12:53 PM CDT, October 22, 2012
Singer Kurt Elling sounded as if he had awoken from a long, deep slumber Sunday evening at City Winery Chicago.
The general torpor of his recordings of recent years, the blandness and anemia of past performances were cast aside for something far more alive, urgent and real. Though Elling no longer can be considered the vocal innovator he was early in his career, this time he brought palpable emotional commitment – and passages of technical bravura, as well – to an often inspiring show.

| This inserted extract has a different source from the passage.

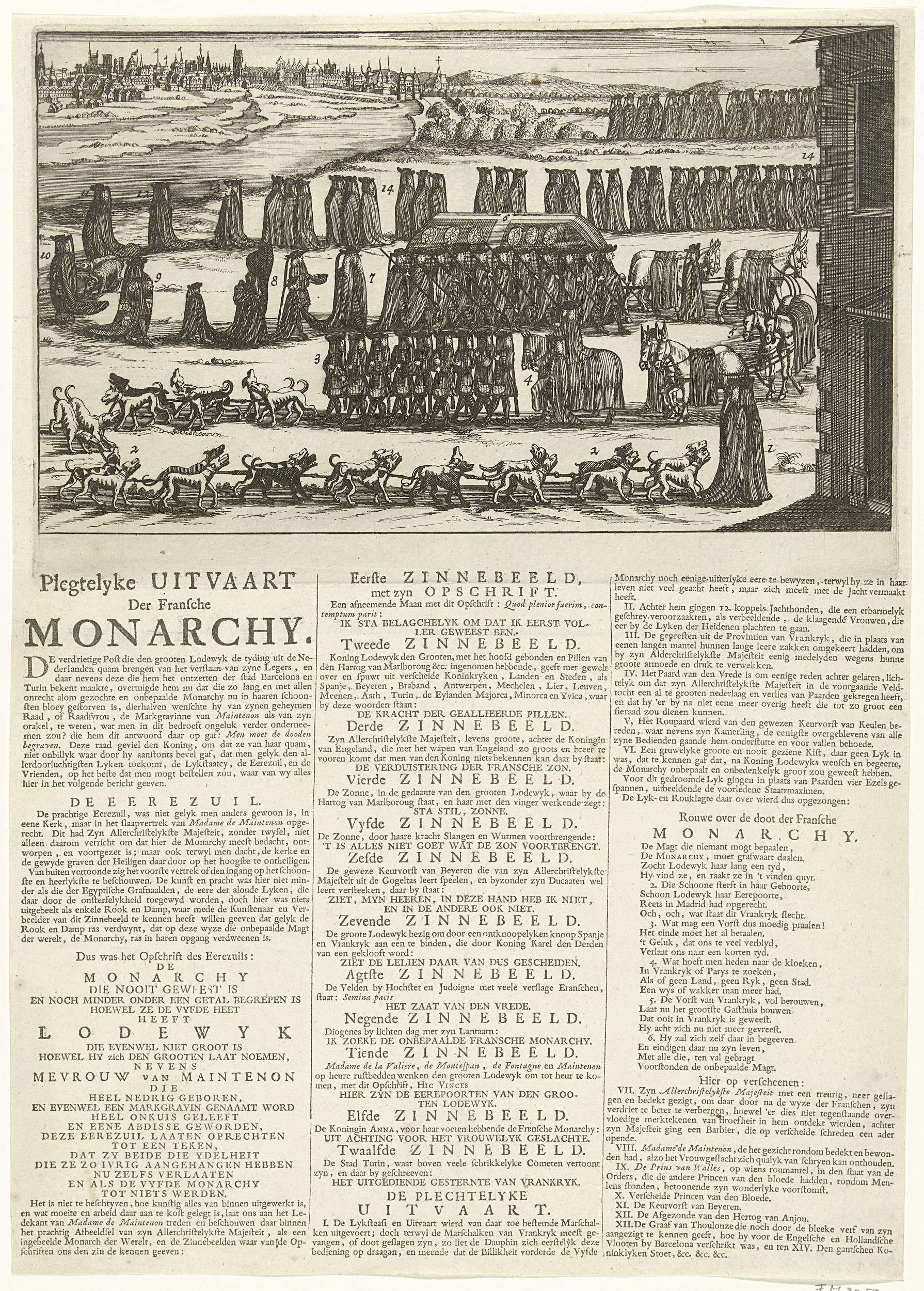 Spotprent op de Franse verliezen in het jaar 1706 (Barcelona en Turijn): begrafenis van de Franse plannen voor wereldheerschappij. De Franse monarchie wordt ten grave gedragen in een lange begrafenisstoet. Op het blad onder de plaat 3 kolommen tekst in het Nederlands. Onderdeel van een groep afzonderlijke spotprenten op Lodewijk XIV tijdens de Spaanse Successieoorlog, ...

The source of Elling's rediscovered energy was his newest recording, "1619 Broadway: The Brill Building Project," a somewhat portentously titled album that nonetheless apparently has reinvigorated Elling's approach to song. Embracing music associated with the New York City landmark – once a hub of songwriting, publishing and music distribution – Elling has conceived intriguing, sometimes unconventional readings of a vast range of American repertoire.
His interpretations of this music proved far more adventurous and expansive in concert than on CD, though his voice sounded considerably less sonorous at City Winery than in the warmth of the recording studio.
The former Chicagoan opened his set with "Come Fly With Me," his free-flowing lines and ignore-the-pulse approach to rhythm representing practically the antithesis of Frank Sinatra's exuberantly swung versions. Considering the stature of Sinatra's readings, it was imperative to avoid his impossibly long shadow, and Elling deserves ample credit for finding a way around it. The soaring quality of Elling's lines and the nice-'n'-easy nature of his tempo offered welcome insights into what makes this music work.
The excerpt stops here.